Stomach adenocarcinoma is estimated to cause 10,000 deaths in the US in 2016 and is the third most deadly cancer in China. We aim to identify the proteins and the genes that have impact on the prognosis of patients with stomach adenocarcinoma. Data of patients with stomach adenocarcinoma were retrieved from The Cancer Genome Atlas (TCGA). Proteins whose expression levels were highly correlated with survival status of patients were figured out. The expression levels of their mRNAs and their roles in the pathway were used to determine the driver gene candidates. The effects of mutations on the genes encoding KIT on mRNA expressions were carried. Ten antibodies were figured out to have significant correlation with stomach cancer prognosis. The coefficients of COXPH models matches their roles in the previous studies. The expression levels of mRNAs versus proteins suggested that KIT might act as a driver gene, which was also the central in the pathway of other selected proteins.
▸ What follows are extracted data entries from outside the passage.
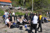 Nu inträffade det oväntade, solen bröt fram och molnen dunstade. Enda molnet var Rolf N. och hans åter sunkiga bakdäck. Han tog beslutade att stanna kvar och bli hämtad av Tommy. Tråkigt att behöva lämna honom, han som alla andra bidrar till vår gemensamma trevnad. Han såg så ensammen ut men som tur var hade han gosedjuret Helge att trösta sig med.
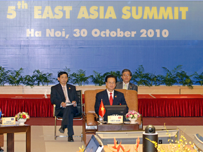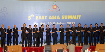 10月30日在越南河内,第五届东亚峰会在越南政府总理阮晋勇主持下正式开幕,东盟各国及中国、日本、韩国、澳大利亚、新西兰、印度等对话伙伴国领导人前来出席。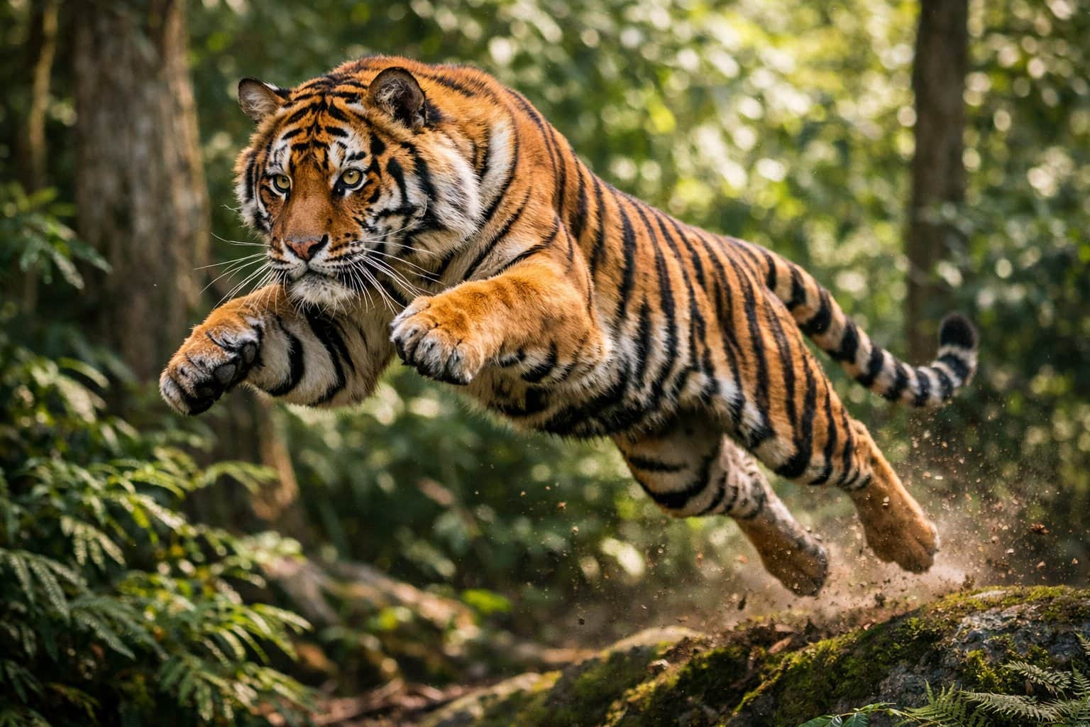 The tail isn’t just for looks—it acts as a counterweight. When a tiger jumps, its tail swings to balance out body rotation. This helps the tiger stay steady in midair and steer if needed.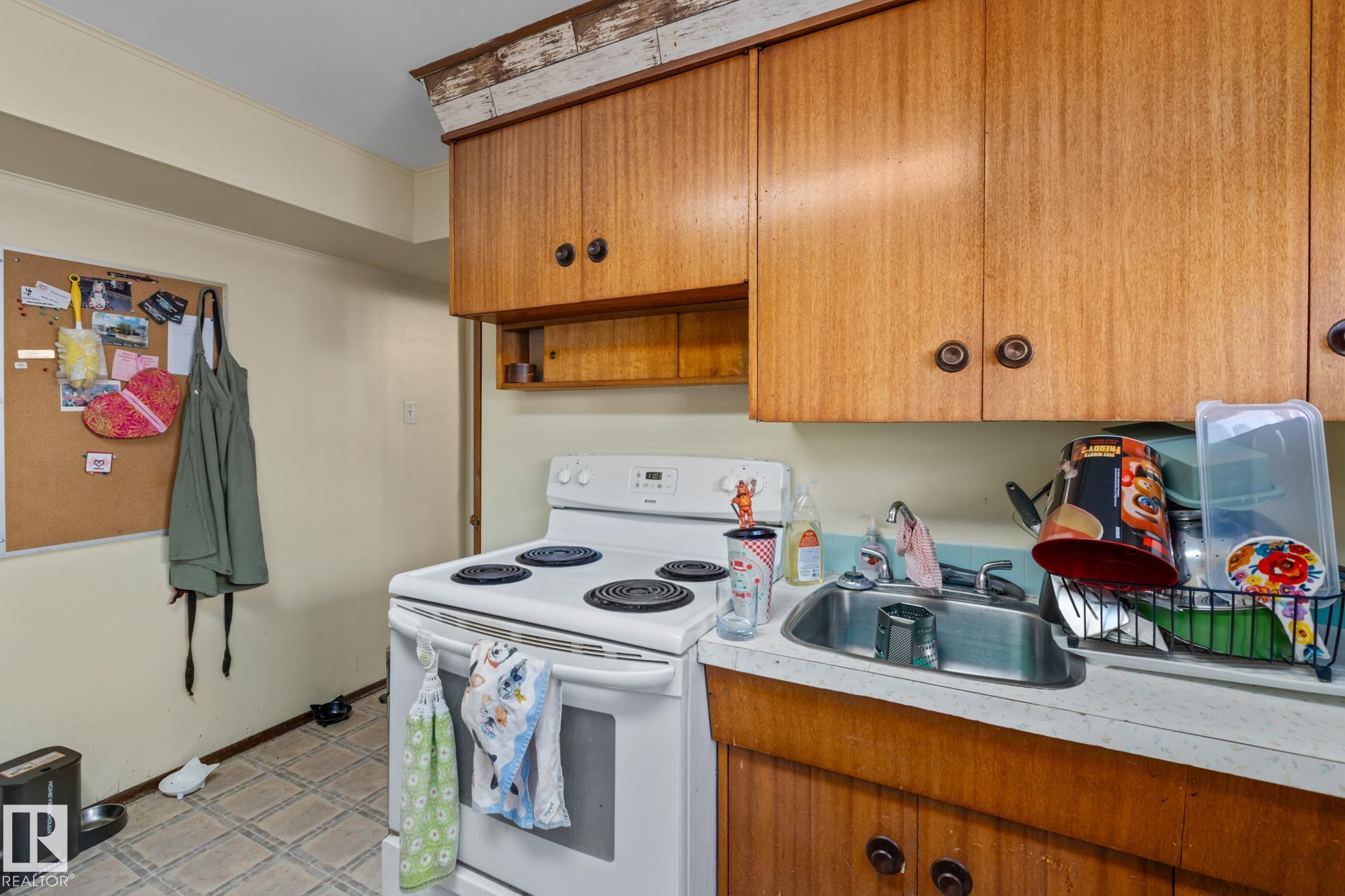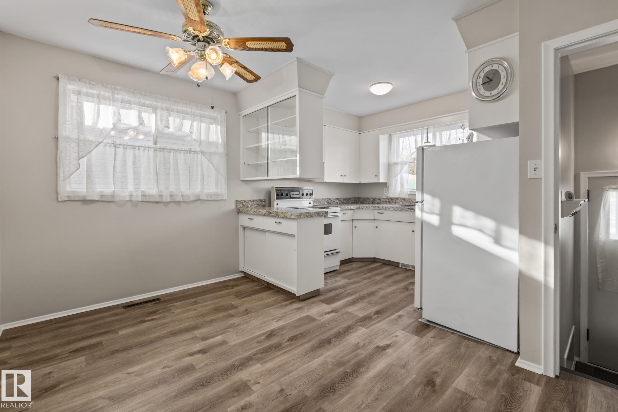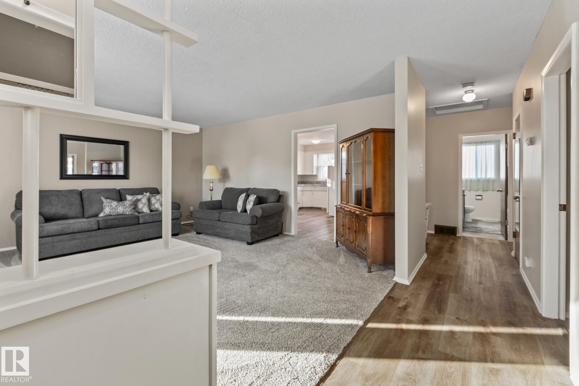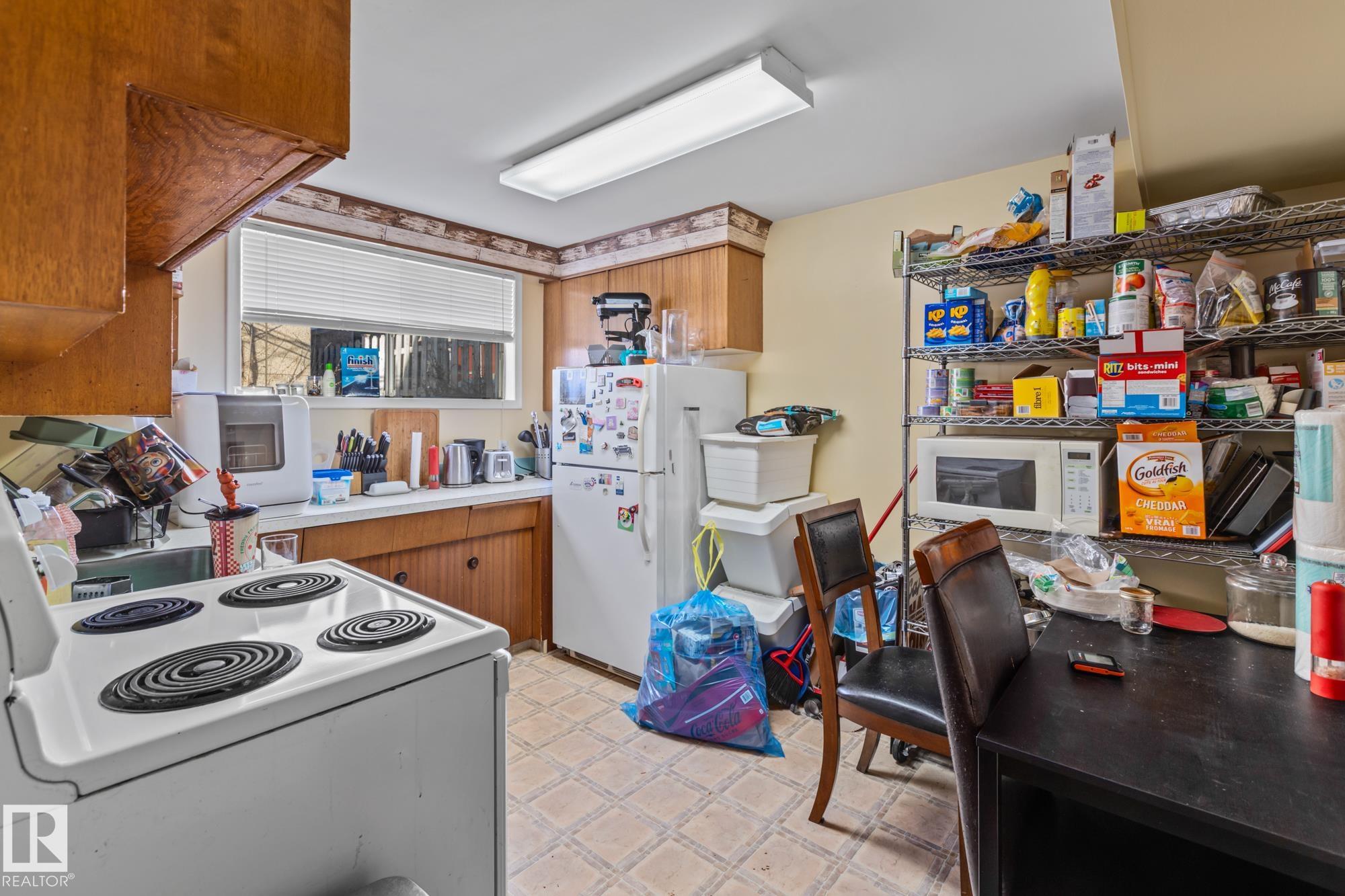Welcome home! Offering over 1100 sq ft of total developed living space including a fully finished legal basement suite, this home is the perfect starter home. The main floor features a bright and spacious living room that flows into a dedicated dining area, creating an inviting space for both everyday living and entertaining. The functional kitchen is efficiently laid out, and three well-sized bedrooms provide comfortable accommodations for family living. A full 4-piece bathroom and welcoming foyer complete the main level. The fully developed legal basement suite offers its own kitchen, a large rec/living area, two additional bedrooms, and a 4-piece bathroom, along with laundry and ample utility/storage space. This lower-level suite provides exceptional flexibility and value. The property is further enhanced by a spacious double garage, offering plenty of room for parking, storage, or workspace!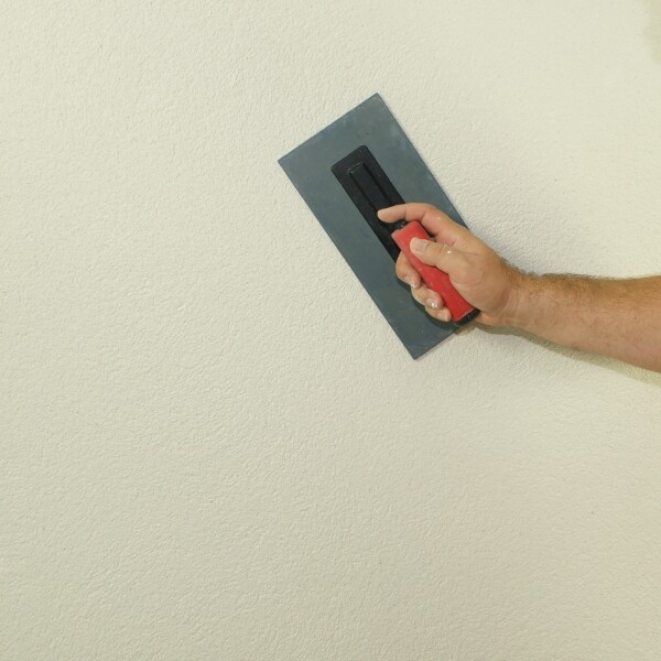 Applique l'Edelweiss Structo fraîchement mélangé sur le Support préparé et séché à l'aide d'une truelle en inox. Si tu souhaites ensuite frotter l'enduit à l'aide d'une taloche en plastique, l'enduit doit être appliqué à l'épaisseur du grain, soit environ 1 mm. N'applique pas plus de 1-1,5 m² environ avant de structurer la surface. Étant donné que l'enduit sèche rapidement en raison de sa faible épaisseur, il est sinon plutôt difficile de structurer sans problème les grandes surfaces. Si tu souhaites par contre feutrer l'enduit avec une planche de feutre, applique l'enduit uniformément sur une épaisseur d'environ 2-3 mm.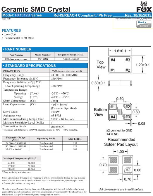 FOX晶振規格 | 單位 | FX1612B晶振頻率范圍 | 石英晶振基本條件 |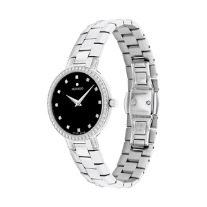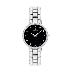 Movado Faceto, 28mm stainless steel case and bracelet with diamond set lugs. Features a black dial with 12 diamond markers & diamond set bezel. Swiss quartz movement, scratch resistance sapphire crystal. Water resistance upto 30 meters.

The missense mutations on the gene encoding KIT led to the low expression of its mRNAs and there were much fewer nonsense mutations compared with other genes. It suggested that the important role of KIT as an oncogene in the progression of cancer, as well as a tyrosine-protein kinase during the normal activity. Ten antibodies, corresponding to fifteen proteins, were highly correlated with patients’ survival time, within which KIT played a critical roles. It suggested that KIT might be used as biomarker or as target of cancer therapies.


INTRODUCTION

It was estimated that there would be over 26,000 new stomach cancer cases and over 10,000 deaths caused by it in the United States in 2016 [1]. In China, stomach adenocarcinoma is the third most prevalent cancer, as well as the third most deadly [2]. The 5-Year relative survival rate of stomach adenocarcinoma increased from 20% before 1990 to 30% at present compared with any average survival rate of 69% for all kinds of cancer [1]. It prevalence and mortality urged us to find out the factors affecting its incidence and prognosis.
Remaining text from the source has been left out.